Venditti Rossella, Scanu Tiziana, Santoro Michele, Di Tullio Giuseppe, Spaar Alexander, Gaibisso Renato, Beznoussenko Galina V, Mironov Alexander A, Mironov Alexander, Zelante Leopoldo, Piemontese Maria Rosaria, Notarangelo Angelo, Malhotra Vivek, Vertel Barbara M, Wilson Cathal, De Matteis Maria Antonietta
Telethon Institute of Genetics and Medicine, Naples, Italy.
Science. 2012 Sep 28;337(6102):1668-72. doi: 10.1126/science.1224947.
Newly synthesized proteins exit the endoplasmic reticulum (ER) via coat protein complex II (COPII) vesicles. Procollagen (PC), however, forms prefibrils that are too large to fit into typical COPII vesicles; PC thus needs large transport carriers, which we term megacarriers. TANGO1 assists PC packing, but its role in promoting the growth of megacarriers is not known. We found that TANGO1 recruited Sedlin, a TRAPP component that is defective in spondyloepiphyseal dysplasia tarda (SEDT), and that Sedlin was required for the ER export of PC. Sedlin bound and promoted efficient cycling of Sar1, a guanosine triphosphatase that can constrict membranes, and thus allowed nascent carriers to grow and incorporate PC prefibrils.

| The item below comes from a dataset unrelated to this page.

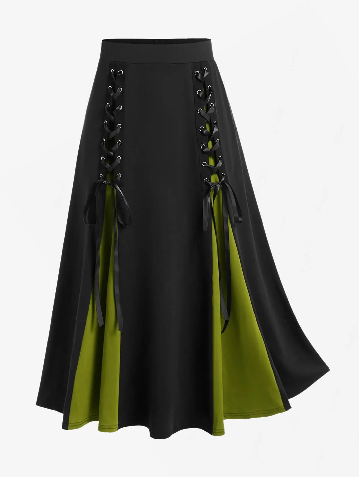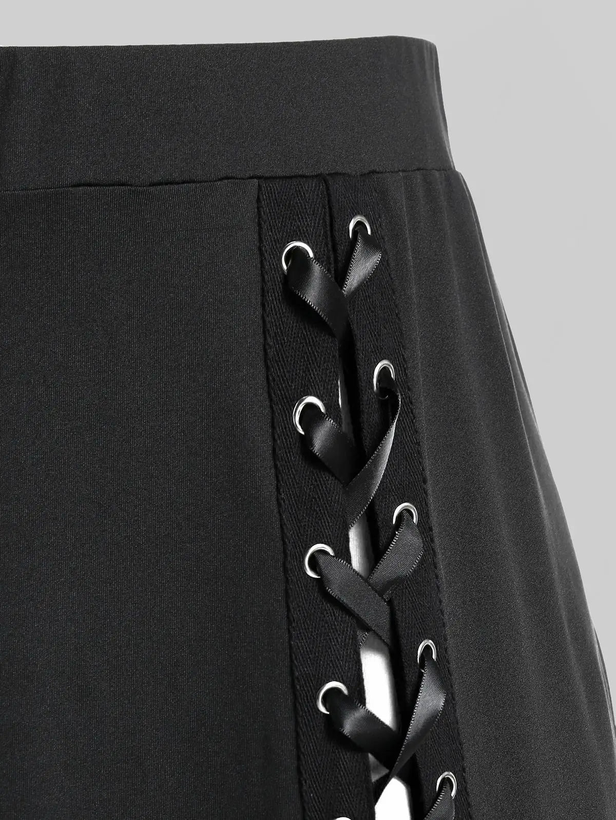Gothic Lace Up Godet Hem Midi Skirt

This joint action of TANGO1 and Sedlin sustained the ER export of PC, and its derangement may explain the defective chondrogenesis underlying SEDT.
新合成的蛋白质通过II型被膜小泡蛋白复合物(COPII)囊泡离开内质网(ER)。然而,前胶原(PC)会形成太大而无法装入典型COPII囊泡的前原纤维;因此,PC需要大型运输载体,我们将其称为巨型载体。TANGO1协助PC包装,但其在促进巨型载体生长中的作用尚不清楚。我们发现,TANGO1招募了Sedlin,这是一种在迟发性脊椎骨骺发育不良(SEDT)中存在缺陷的TRAPP成分,并且Sedlin是PC从内质网输出所必需的。Sedlin结合并促进了Sar1(一种可收缩膜的鸟苷三磷酸酶)的高效循环,从而使新生载体得以生长并纳入PC前原纤维。TANGO1和Sedlin的这种联合作用维持了PC从内质网的输出,其紊乱可能解释了SEDT潜在的软骨生成缺陷。